The data START

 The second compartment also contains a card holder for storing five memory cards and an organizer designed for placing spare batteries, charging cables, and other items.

The data END
The data START

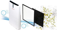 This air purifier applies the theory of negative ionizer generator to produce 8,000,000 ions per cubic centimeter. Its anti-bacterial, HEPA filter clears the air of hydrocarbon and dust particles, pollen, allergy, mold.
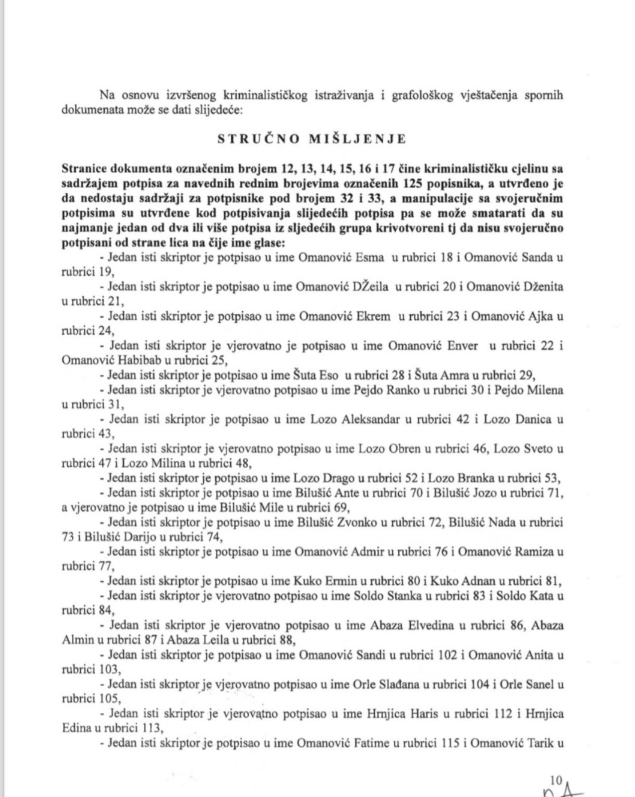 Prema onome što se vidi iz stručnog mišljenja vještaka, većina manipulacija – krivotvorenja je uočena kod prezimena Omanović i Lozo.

The data END

### Task description
Once the line with "This air purifier" is found in the data above, reproduce it and each line after it exactly, through the line with "Prema onome što". Omit the pictures.

### Reply to the task
 This air purifier applies the theory of negative ionizer generator to produce 8,000,000 ions per cubic centimeter. Its anti-bacterial, HEPA filter clears the air of hydrocarbon and dust particles, pollen, allergy, mold.
 Prema onome što se vidi iz stručnog mišljenja vještaka, većina manipulacija – krivotvorenja je uočena kod prezimena Omanović i Lozo.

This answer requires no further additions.